How to complete this task: Starting at the line that contains "Den fångar upp", reproduce only the lines through the end of the data, exactly, including both the first and the last; skip the pictures.

Dataset records:
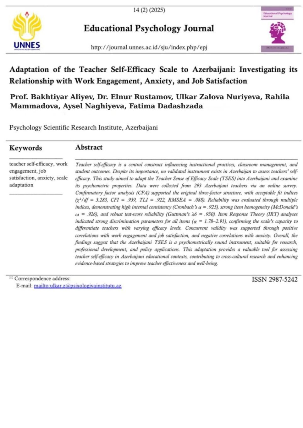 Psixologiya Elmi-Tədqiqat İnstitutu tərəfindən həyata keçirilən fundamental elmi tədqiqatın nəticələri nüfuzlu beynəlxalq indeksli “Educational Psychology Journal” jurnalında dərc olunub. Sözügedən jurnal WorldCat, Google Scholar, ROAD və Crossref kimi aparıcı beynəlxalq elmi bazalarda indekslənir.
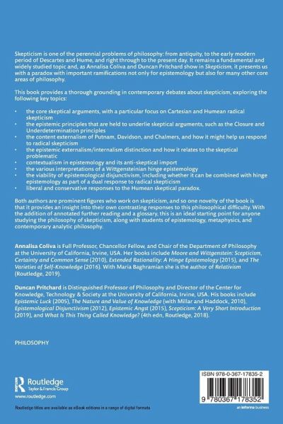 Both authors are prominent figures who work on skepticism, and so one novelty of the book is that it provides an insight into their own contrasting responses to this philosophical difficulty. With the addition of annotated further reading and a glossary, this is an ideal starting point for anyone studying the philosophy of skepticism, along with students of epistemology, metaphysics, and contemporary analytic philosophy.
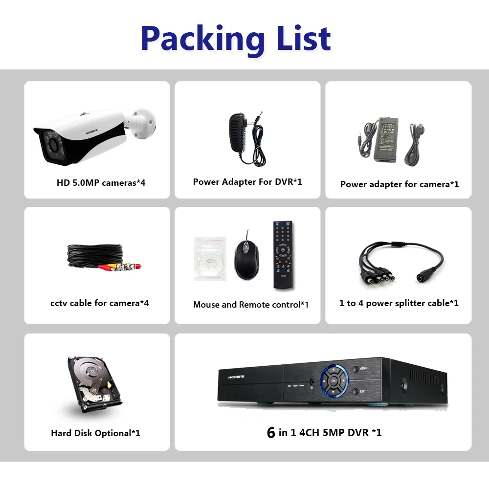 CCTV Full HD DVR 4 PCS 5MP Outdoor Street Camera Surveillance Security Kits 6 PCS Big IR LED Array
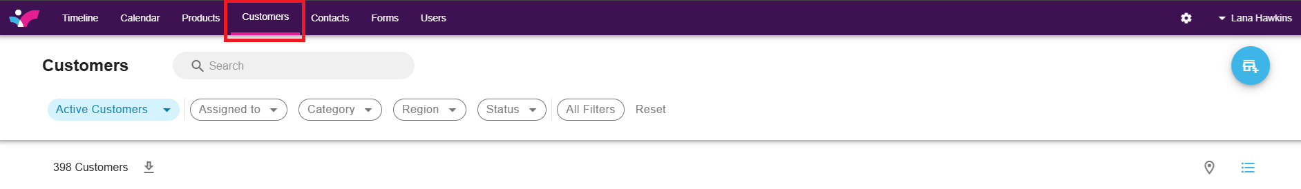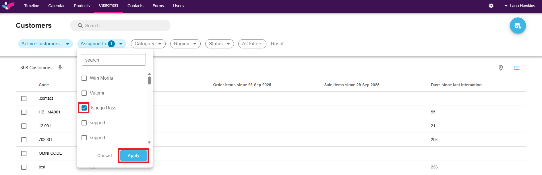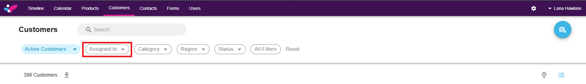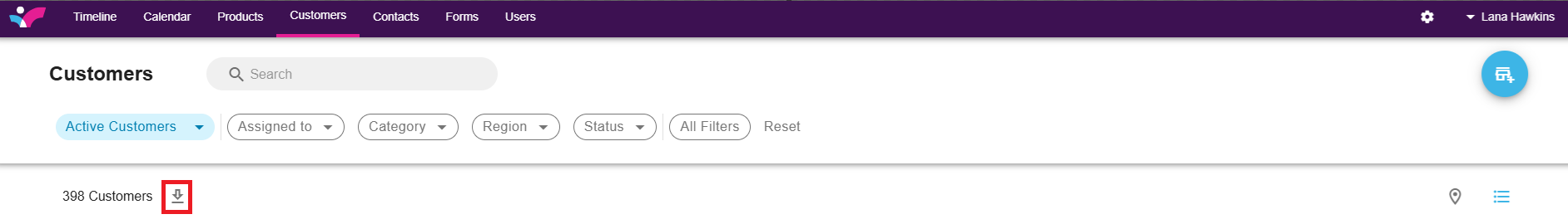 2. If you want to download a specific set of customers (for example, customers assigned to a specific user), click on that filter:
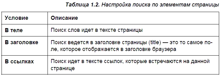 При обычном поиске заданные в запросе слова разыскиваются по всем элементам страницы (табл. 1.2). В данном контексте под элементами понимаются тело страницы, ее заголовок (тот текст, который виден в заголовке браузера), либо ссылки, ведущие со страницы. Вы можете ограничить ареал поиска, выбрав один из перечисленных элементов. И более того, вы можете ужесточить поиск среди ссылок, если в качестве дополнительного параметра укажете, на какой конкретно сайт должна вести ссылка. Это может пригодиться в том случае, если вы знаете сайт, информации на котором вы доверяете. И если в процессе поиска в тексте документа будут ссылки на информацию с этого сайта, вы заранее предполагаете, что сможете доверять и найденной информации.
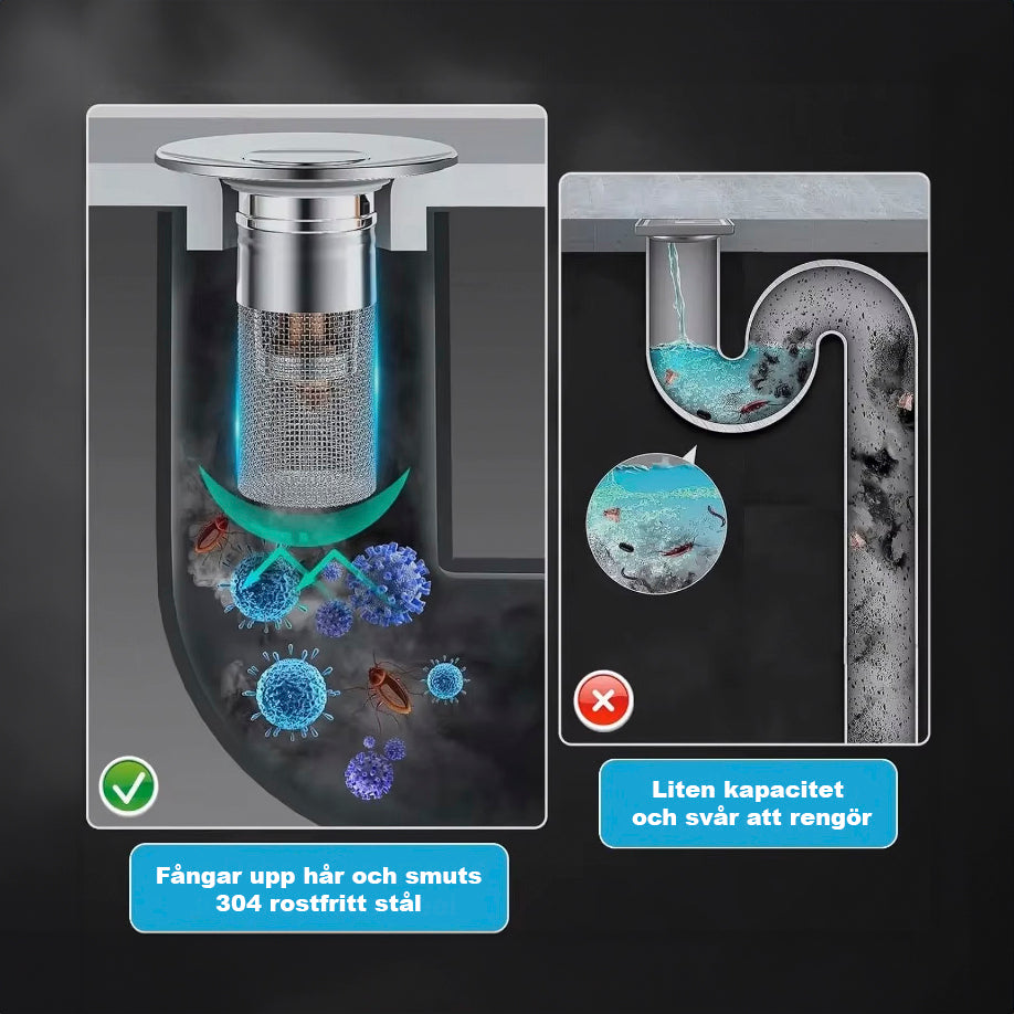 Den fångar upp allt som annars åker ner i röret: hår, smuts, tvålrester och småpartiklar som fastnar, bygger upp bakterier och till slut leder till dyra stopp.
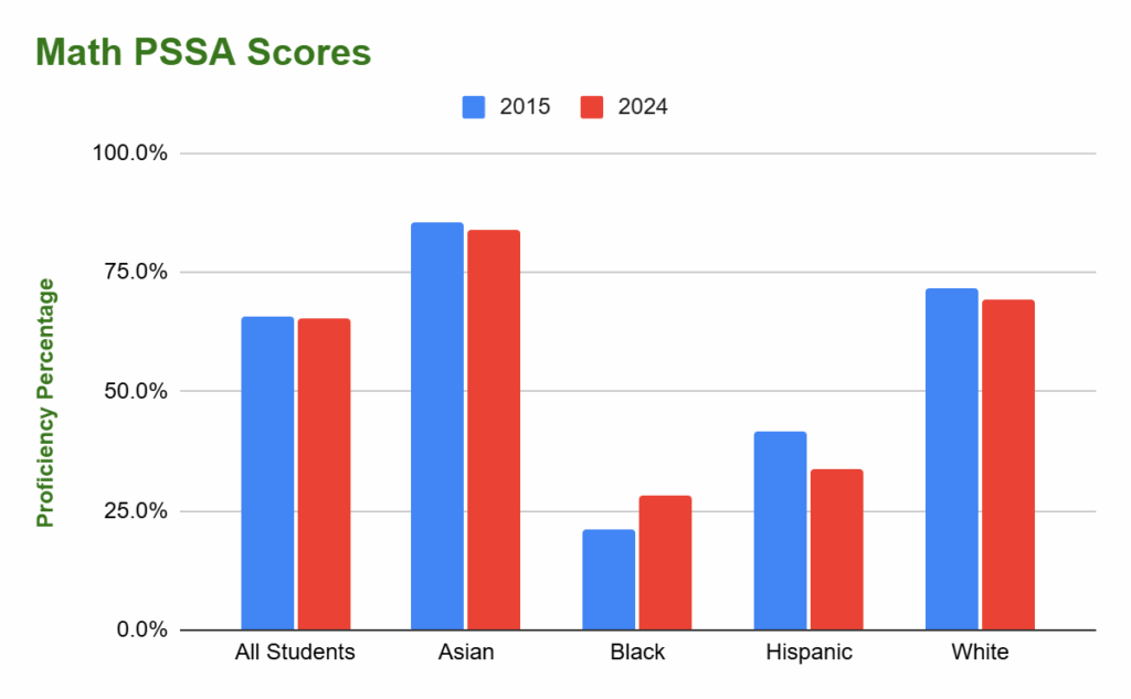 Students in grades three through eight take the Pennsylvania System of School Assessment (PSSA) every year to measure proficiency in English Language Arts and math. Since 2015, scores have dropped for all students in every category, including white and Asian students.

Answer:
 Den fångar upp allt som annars åker ner i röret: hår, smuts, tvålrester och småpartiklar som fastnar, bygger upp bakterier och till slut leder till dyra stopp.
 Students in grades three through eight take the Pennsylvania System of School Assessment (PSSA) every year to measure proficiency in English Language Arts and math. Since 2015, scores have dropped for all students in every category, including white and Asian students.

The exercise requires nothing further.